[Data entries]
_ _ _

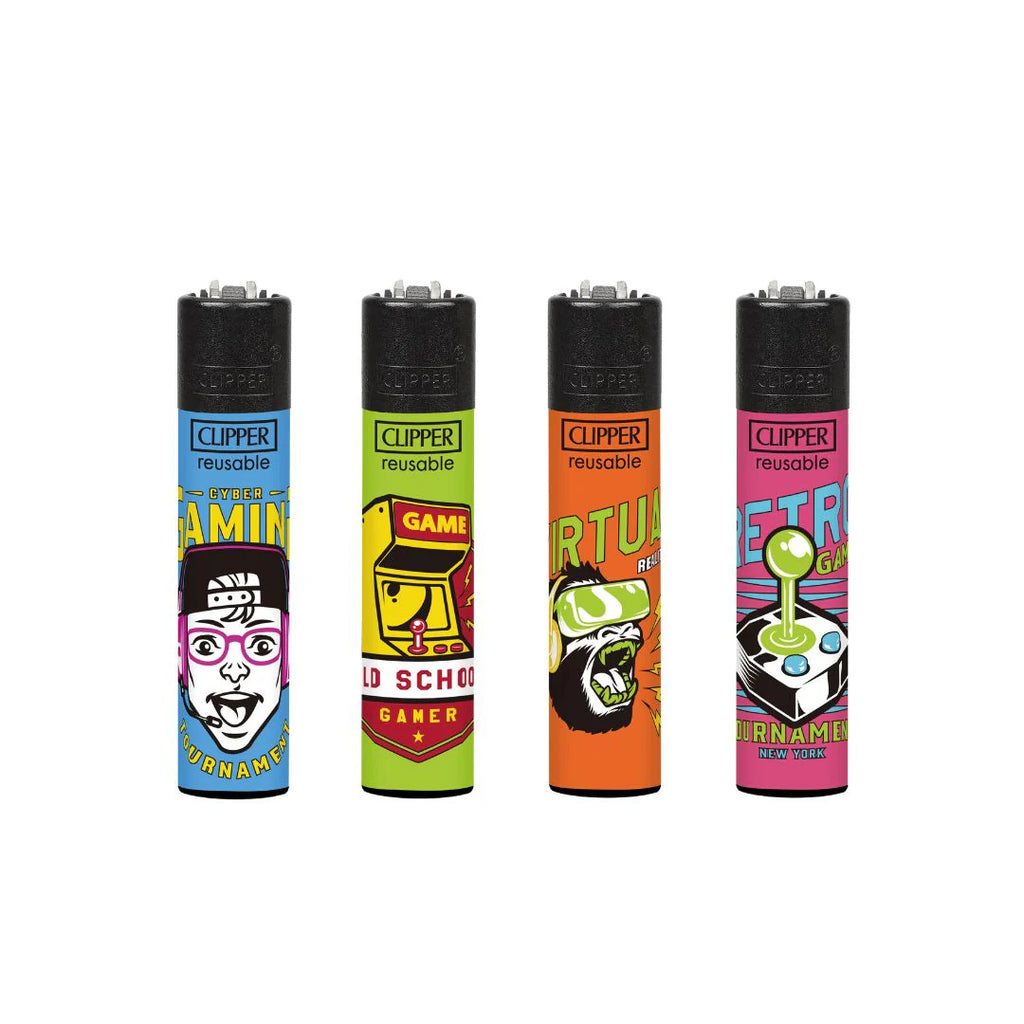 - 40 per pack Branded Lighters- Clipper Micro Refillable Lighters- 4 Assorted Designs- Preset Flame- Gas Lighter
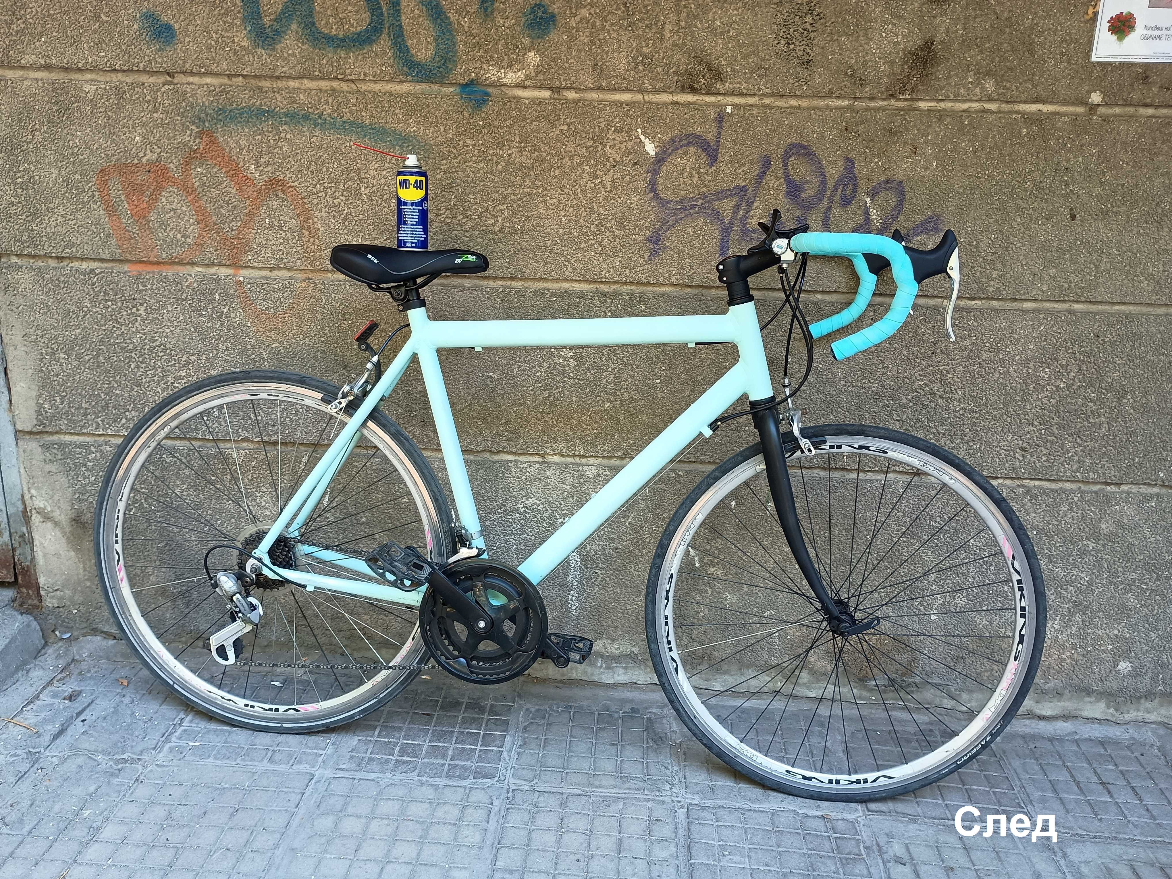 Подмених жилата и броните, които се износват безвъзвратно с времето. Навих нов гюделин на кормилото в подходящ цвят. Накрая настроих системите на велосипеда и направих финалното смазване за по-прецизна и безаварийна работа.
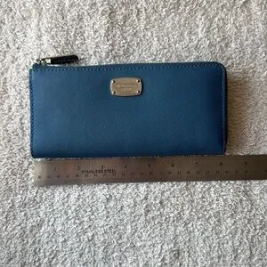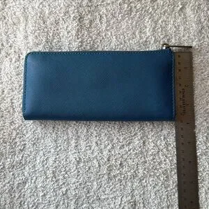 This beautiful blue wallet features silver hardware on the exterior. Inside it has 8 card slots, 2 long slip pockets, and a center zip pocket.
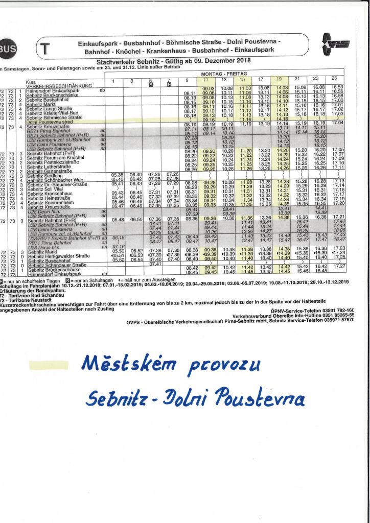 Jízdní řády Sebnitz - Dolní Poustevna/zpět
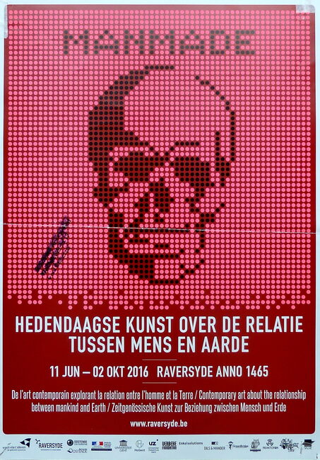 Affiche : Manmade : hedendaagse kunst over de relatie tussen mens en aarde. Domein Raversijde. 11/06-02/10/2016
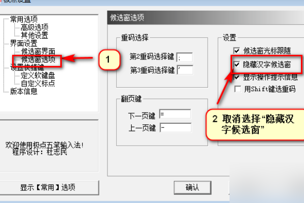 5.点击“候选窗口选项”,勾选“隐藏汉字候选窗口”。
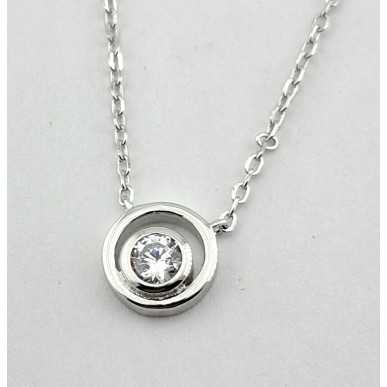 Collar mujer en plata de 1ª ley 925mls ,collar con doble circulo de diámetro 9mm y una circonita blanca, cadena modelo farzada de largo ajustable 39 -42- 44 cm.Cierre de mosquetón.
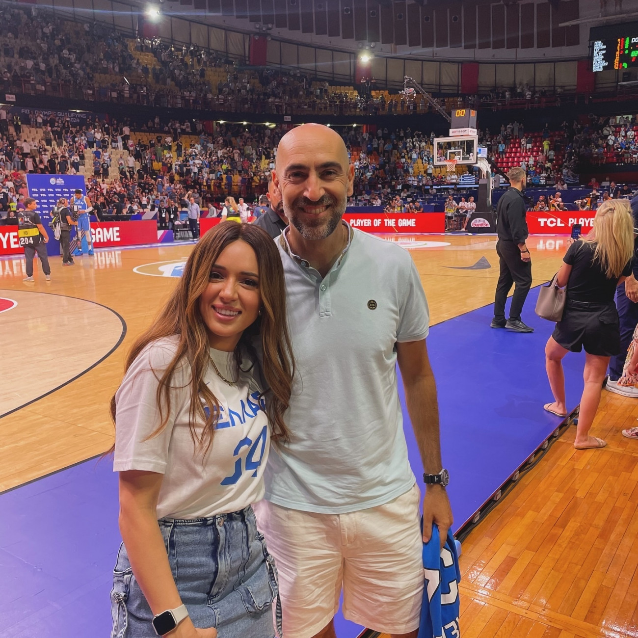 Οι πολύ καλές φίλες και κουμπάρες, φόρεσαν ίδια μπλουζάκια με τον αριθμό 34 και στήριξαν μαζί με τους συζύγους τους μερικούς από τους κορυφαίους παίχτες όπως τον Γιάννη Αντετοκούνμπο, τον Νικ Καλάθη και τον Ντίνο Μήτογλου ενώ με ένα πλατύ χαμόγελο πόζαραν όλοι μαζί δίπλα από τον θρύλο του ελληνικού μπάσκετ, Παναγιώτη Γιαννάκη.
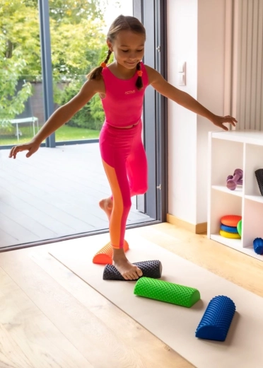 La surface texturée à picots offre un retour sensoriel lors des exercices d’équilibre, adaptée aux enfants comme aux adultes pour l’entraînement à la maison.
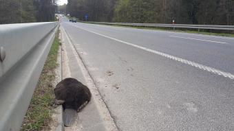 Pod wysokim nasypem znajduje się przepust rowu, bobry zatykają przepust i w konsekwencji nie maja jak przedostać się na drugą stronę drogi, z tego powodu wchodzą na nasyp. To jest drugi zabity bóbr w tym miejscu jakiego znalazłem.

_ _ _

Please retype the records above exactly, excluding every picture.

 - 40 per pack Branded Lighters- Clipper Micro Refillable Lighters- 4 Assorted Designs- Preset Flame- Gas Lighter
 Подмених жилата и броните, които се износват безвъзвратно с времето. Навих нов гюделин на кормилото в подходящ цвят. Накрая настроих системите на велосипеда и направих финалното смазване за по-прецизна и безаварийна работа.
 This beautiful blue wallet features silver hardware on the exterior. Inside it has 8 card slots, 2 long slip pockets, and a center zip pocket.
 Jízdní řády Sebnitz - Dolní Poustevna/zpět
 Affiche : Manmade : hedendaagse kunst over de relatie tussen mens en aarde. Domein Raversijde. 11/06-02/10/2016
 5.点击“候选窗口选项”,勾选“隐藏汉字候选窗口”。
 Collar mujer en plata de 1ª ley 925mls ,collar con doble circulo de diámetro 9mm y una circonita blanca, cadena modelo farzada de largo ajustable 39 -42- 44 cm.Cierre de mosquetón.
 Οι πολύ καλές φίλες και κουμπάρες, φόρεσαν ίδια μπλουζάκια με τον αριθμό 34 και στήριξαν μαζί με τους συζύγους τους μερικούς από τους κορυφαίους παίχτες όπως τον Γιάννη Αντετοκούνμπο, τον Νικ Καλάθη και τον Ντίνο Μήτογλου ενώ με ένα πλατύ χαμόγελο πόζαραν όλοι μαζί δίπλα από τον θρύλο του ελληνικού μπάσκετ, Παναγιώτη Γιαννάκη.
 La surface texturée à picots offre un retour sensoriel lors des exercices d’équilibre, adaptée aux enfants comme aux adultes pour l’entraînement à la maison.
 Pod wysokim nasypem znajduje się przepust rowu, bobry zatykają przepust i w konsekwencji nie maja jak przedostać się na drugą stronę drogi, z tego powodu wchodzą na nasyp. To jest drugi zabity bóbr w tym miejscu jakiego znalazłem.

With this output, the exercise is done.